Entries taken from a collection:
*** Block opens ***

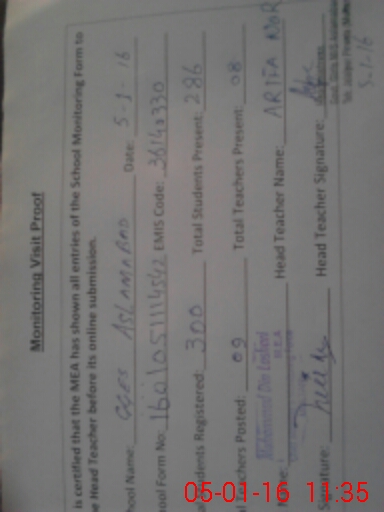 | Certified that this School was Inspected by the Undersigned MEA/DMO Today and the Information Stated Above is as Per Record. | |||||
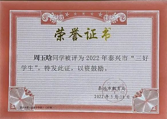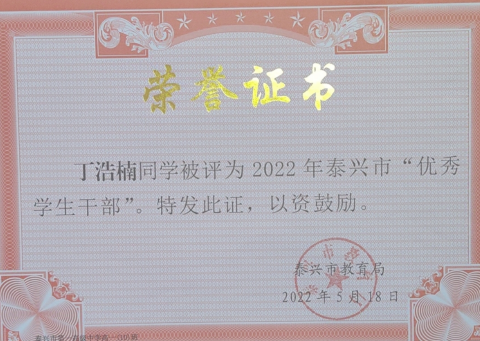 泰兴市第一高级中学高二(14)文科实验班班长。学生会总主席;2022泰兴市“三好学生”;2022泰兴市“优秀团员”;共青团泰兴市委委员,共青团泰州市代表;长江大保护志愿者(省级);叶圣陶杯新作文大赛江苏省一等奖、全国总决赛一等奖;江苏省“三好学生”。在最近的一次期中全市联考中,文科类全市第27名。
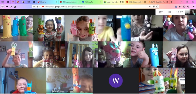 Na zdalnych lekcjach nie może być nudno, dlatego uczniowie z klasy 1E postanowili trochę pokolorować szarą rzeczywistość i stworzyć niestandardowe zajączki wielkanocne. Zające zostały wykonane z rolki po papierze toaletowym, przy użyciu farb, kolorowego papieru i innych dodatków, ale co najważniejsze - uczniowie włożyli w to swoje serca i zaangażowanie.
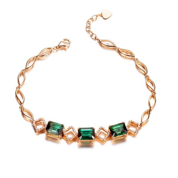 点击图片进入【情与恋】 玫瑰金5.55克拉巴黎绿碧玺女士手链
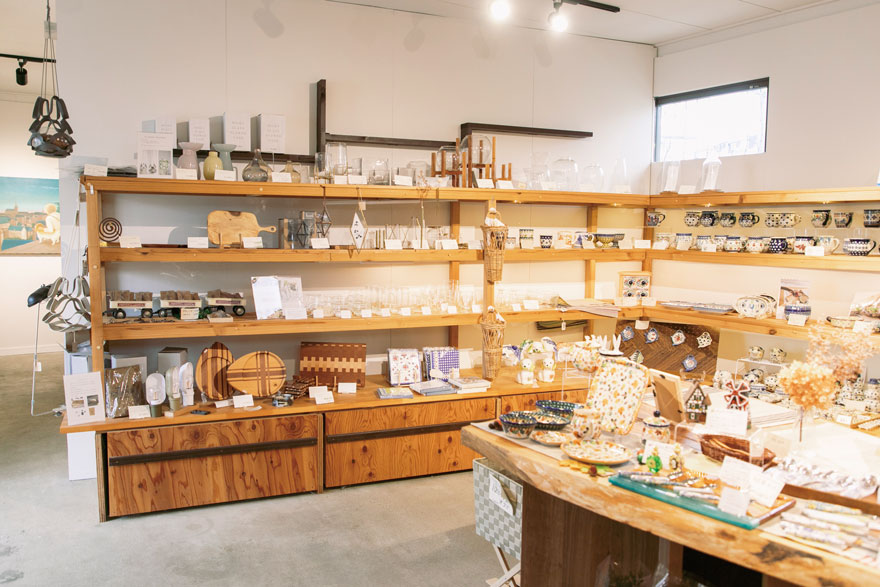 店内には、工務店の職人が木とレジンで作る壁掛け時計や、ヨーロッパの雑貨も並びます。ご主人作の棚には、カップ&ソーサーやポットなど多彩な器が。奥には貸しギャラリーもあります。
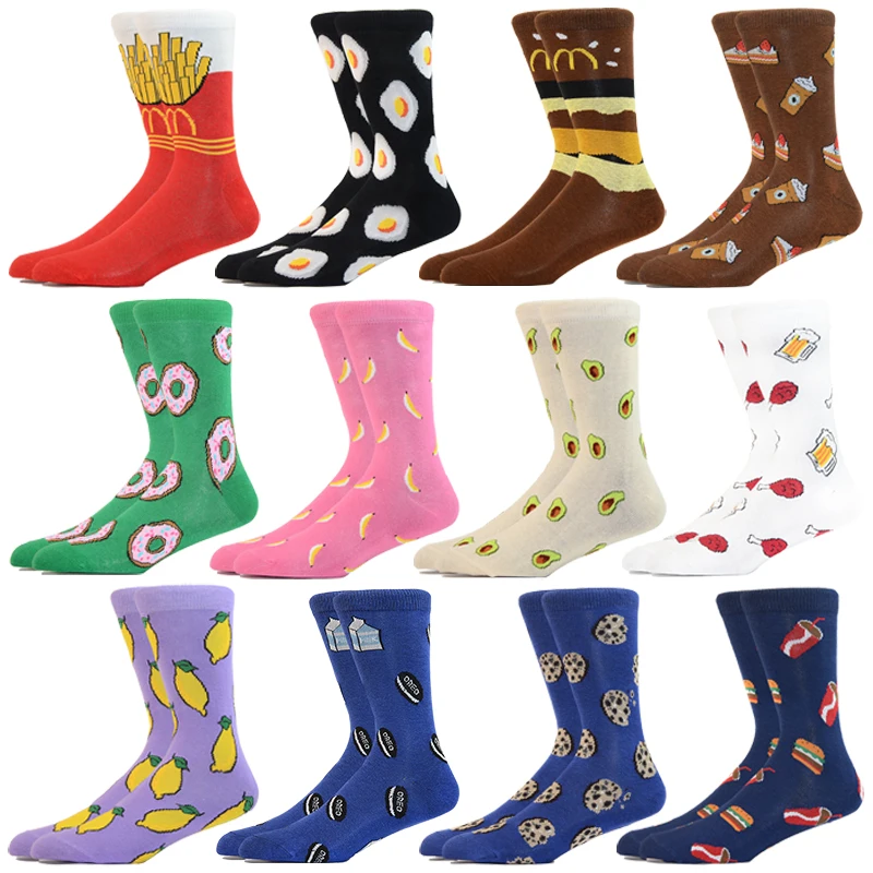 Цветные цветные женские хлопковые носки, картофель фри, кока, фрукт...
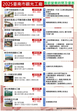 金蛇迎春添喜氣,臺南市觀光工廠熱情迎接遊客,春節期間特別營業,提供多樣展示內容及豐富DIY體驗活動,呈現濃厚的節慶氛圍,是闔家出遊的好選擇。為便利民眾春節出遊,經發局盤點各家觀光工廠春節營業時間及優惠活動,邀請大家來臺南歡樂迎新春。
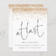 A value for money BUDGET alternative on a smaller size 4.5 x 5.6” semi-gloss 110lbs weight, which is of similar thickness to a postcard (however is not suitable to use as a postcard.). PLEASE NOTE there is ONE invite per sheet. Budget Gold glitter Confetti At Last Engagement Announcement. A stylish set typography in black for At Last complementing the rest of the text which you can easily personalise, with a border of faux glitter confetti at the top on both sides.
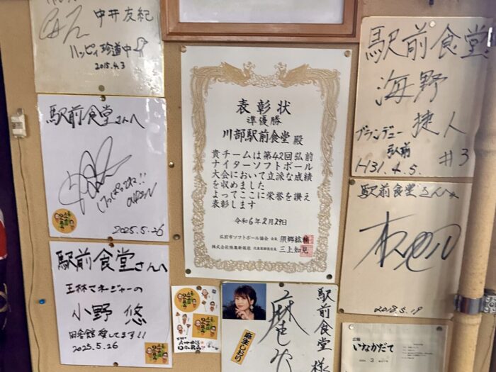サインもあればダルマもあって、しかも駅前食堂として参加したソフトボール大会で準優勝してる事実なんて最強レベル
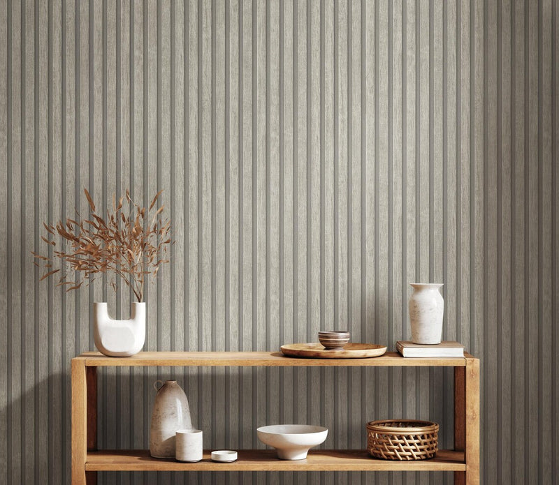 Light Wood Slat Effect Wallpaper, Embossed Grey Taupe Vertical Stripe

*** Block closes ***

## Task item
Repeat the data in full, exactly as it stands, but drop every picture.

## Answer for this exercise
 | Certified that this School was Inspected by the Undersigned MEA/DMO Today and the Information Stated Above is as Per Record. | |||||
 泰兴市第一高级中学高二(14)文科实验班班长。学生会总主席;2022泰兴市“三好学生”;2022泰兴市“优秀团员”;共青团泰兴市委委员,共青团泰州市代表;长江大保护志愿者(省级);叶圣陶杯新作文大赛江苏省一等奖、全国总决赛一等奖;江苏省“三好学生”。在最近的一次期中全市联考中,文科类全市第27名。
 Na zdalnych lekcjach nie może być nudno, dlatego uczniowie z klasy 1E postanowili trochę pokolorować szarą rzeczywistość i stworzyć niestandardowe zajączki wielkanocne. Zające zostały wykonane z rolki po papierze toaletowym, przy użyciu farb, kolorowego papieru i innych dodatków, ale co najważniejsze - uczniowie włożyli w to swoje serca i zaangażowanie.
 点击图片进入【情与恋】 玫瑰金5.55克拉巴黎绿碧玺女士手链
 店内には、工務店の職人が木とレジンで作る壁掛け時計や、ヨーロッパの雑貨も並びます。ご主人作の棚には、カップ&ソーサーやポットなど多彩な器が。奥には貸しギャラリーもあります。
 Цветные цветные женские хлопковые носки, картофель фри, кока, фрукт...
 金蛇迎春添喜氣,臺南市觀光工廠熱情迎接遊客,春節期間特別營業,提供多樣展示內容及豐富DIY體驗活動,呈現濃厚的節慶氛圍,是闔家出遊的好選擇。為便利民眾春節出遊,經發局盤點各家觀光工廠春節營業時間及優惠活動,邀請大家來臺南歡樂迎新春。
 A value for money BUDGET alternative on a smaller size 4.5 x 5.6” semi-gloss 110lbs weight, which is of similar thickness to a postcard (however is not suitable to use as a postcard.). PLEASE NOTE there is ONE invite per sheet. Budget Gold glitter Confetti At Last Engagement Announcement. A stylish set typography in black for At Last complementing the rest of the text which you can easily personalise, with a border of faux glitter confetti at the top on both sides.
サインもあればダルマもあって、しかも駅前食堂として参加したソフトボール大会で準優勝してる事実なんて最強レベル
 Light Wood Slat Effect Wallpaper, Embossed Grey Taupe Vertical Stripe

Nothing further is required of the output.